• **Task**
Produce a word-for-word copy of the data that follows, excluding images.

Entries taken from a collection
***

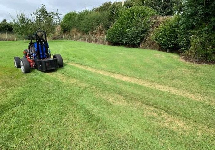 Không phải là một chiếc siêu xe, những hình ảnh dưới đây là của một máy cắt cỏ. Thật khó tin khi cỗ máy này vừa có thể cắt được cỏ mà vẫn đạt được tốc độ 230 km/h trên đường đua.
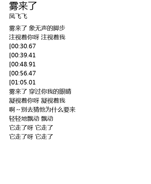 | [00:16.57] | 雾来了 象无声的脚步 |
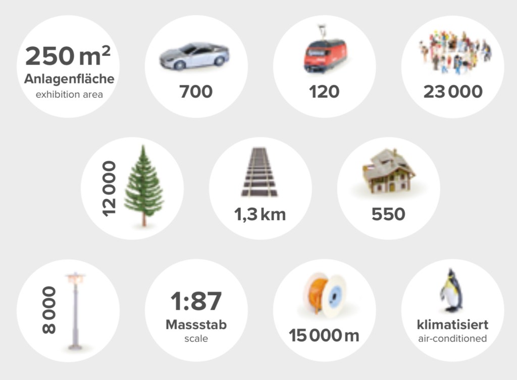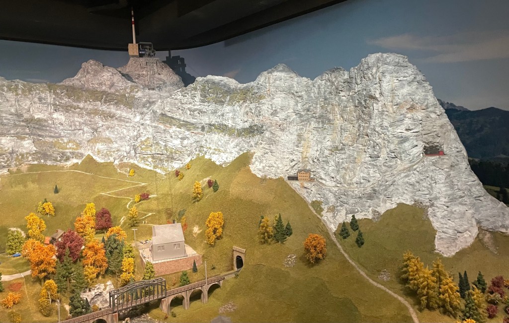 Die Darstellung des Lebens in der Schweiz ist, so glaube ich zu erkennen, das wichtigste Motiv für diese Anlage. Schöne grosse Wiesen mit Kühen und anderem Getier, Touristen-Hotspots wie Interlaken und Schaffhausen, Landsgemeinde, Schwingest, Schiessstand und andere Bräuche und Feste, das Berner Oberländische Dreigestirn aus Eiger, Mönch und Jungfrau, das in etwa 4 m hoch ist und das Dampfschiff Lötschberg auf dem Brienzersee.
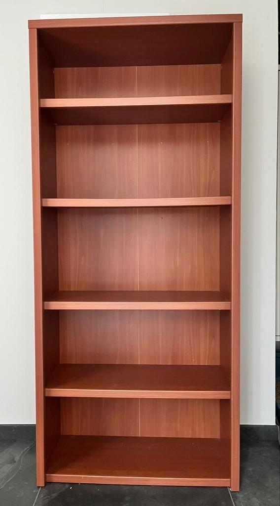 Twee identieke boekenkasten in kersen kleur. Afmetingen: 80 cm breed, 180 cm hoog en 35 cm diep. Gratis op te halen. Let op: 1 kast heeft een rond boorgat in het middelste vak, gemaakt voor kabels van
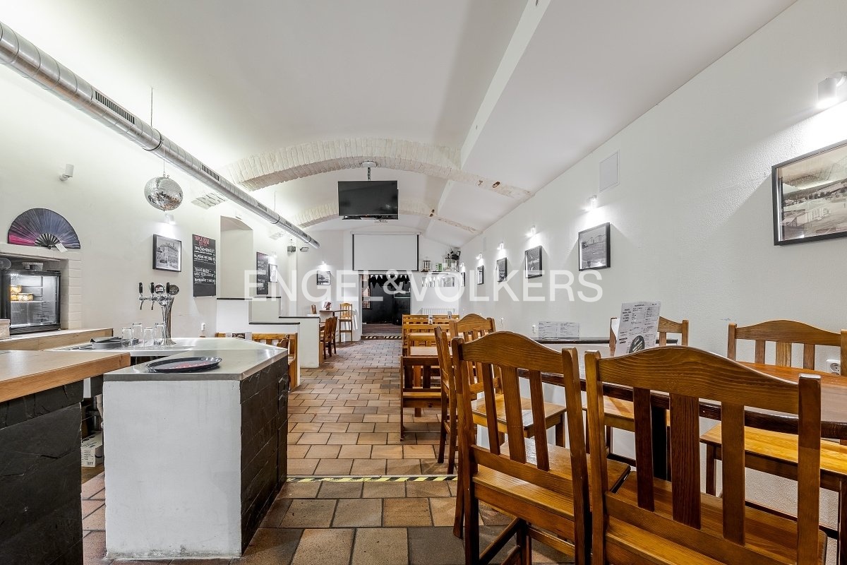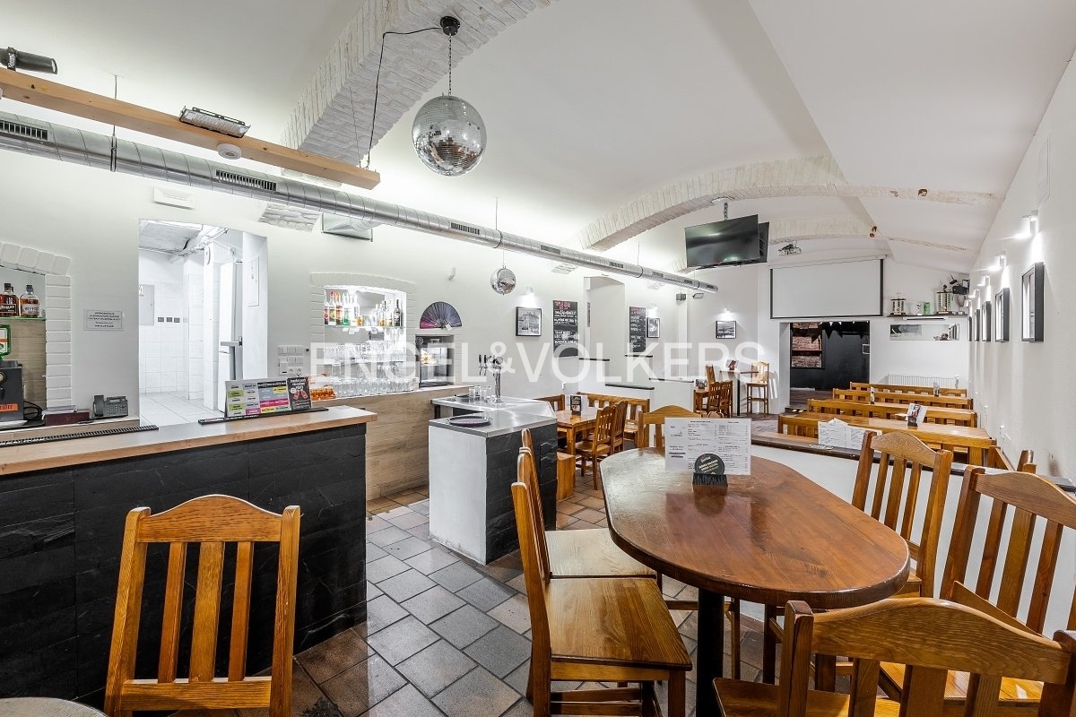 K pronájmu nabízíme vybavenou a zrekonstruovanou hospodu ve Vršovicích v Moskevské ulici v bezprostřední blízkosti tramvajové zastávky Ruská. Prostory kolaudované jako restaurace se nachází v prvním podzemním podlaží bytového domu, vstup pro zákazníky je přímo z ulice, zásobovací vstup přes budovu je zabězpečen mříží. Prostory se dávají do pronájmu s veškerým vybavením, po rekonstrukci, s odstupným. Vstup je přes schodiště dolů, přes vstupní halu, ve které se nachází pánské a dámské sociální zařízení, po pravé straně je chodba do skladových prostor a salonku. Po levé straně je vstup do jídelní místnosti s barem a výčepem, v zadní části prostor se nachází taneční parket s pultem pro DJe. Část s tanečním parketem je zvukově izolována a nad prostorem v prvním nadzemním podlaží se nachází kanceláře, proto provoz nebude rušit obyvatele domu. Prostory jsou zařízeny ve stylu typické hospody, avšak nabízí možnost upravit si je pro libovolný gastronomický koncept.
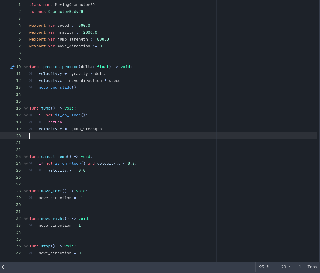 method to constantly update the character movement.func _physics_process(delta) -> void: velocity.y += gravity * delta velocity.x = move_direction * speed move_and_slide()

***

• **Task response**
 Không phải là một chiếc siêu xe, những hình ảnh dưới đây là của một máy cắt cỏ. Thật khó tin khi cỗ máy này vừa có thể cắt được cỏ mà vẫn đạt được tốc độ 230 km/h trên đường đua.
 | [00:16.57] | 雾来了 象无声的脚步 |
 Die Darstellung des Lebens in der Schweiz ist, so glaube ich zu erkennen, das wichtigste Motiv für diese Anlage. Schöne grosse Wiesen mit Kühen und anderem Getier, Touristen-Hotspots wie Interlaken und Schaffhausen, Landsgemeinde, Schwingest, Schiessstand und andere Bräuche und Feste, das Berner Oberländische Dreigestirn aus Eiger, Mönch und Jungfrau, das in etwa 4 m hoch ist und das Dampfschiff Lötschberg auf dem Brienzersee.
 Twee identieke boekenkasten in kersen kleur. Afmetingen: 80 cm breed, 180 cm hoog en 35 cm diep. Gratis op te halen. Let op: 1 kast heeft een rond boorgat in het middelste vak, gemaakt voor kabels van
 K pronájmu nabízíme vybavenou a zrekonstruovanou hospodu ve Vršovicích v Moskevské ulici v bezprostřední blízkosti tramvajové zastávky Ruská. Prostory kolaudované jako restaurace se nachází v prvním podzemním podlaží bytového domu, vstup pro zákazníky je přímo z ulice, zásobovací vstup přes budovu je zabězpečen mříží. Prostory se dávají do pronájmu s veškerým vybavením, po rekonstrukci, s odstupným. Vstup je přes schodiště dolů, přes vstupní halu, ve které se nachází pánské a dámské sociální zařízení, po pravé straně je chodba do skladových prostor a salonku. Po levé straně je vstup do jídelní místnosti s barem a výčepem, v zadní části prostor se nachází taneční parket s pultem pro DJe. Část s tanečním parketem je zvukově izolována a nad prostorem v prvním nadzemním podlaží se nachází kanceláře, proto provoz nebude rušit obyvatele domu. Prostory jsou zařízeny ve stylu typické hospody, avšak nabízí možnost upravit si je pro libovolný gastronomický koncept.
 method to constantly update the character movement.func _physics_process(delta) -> void: velocity.y += gravity * delta velocity.x = move_direction * speed move_and_slide()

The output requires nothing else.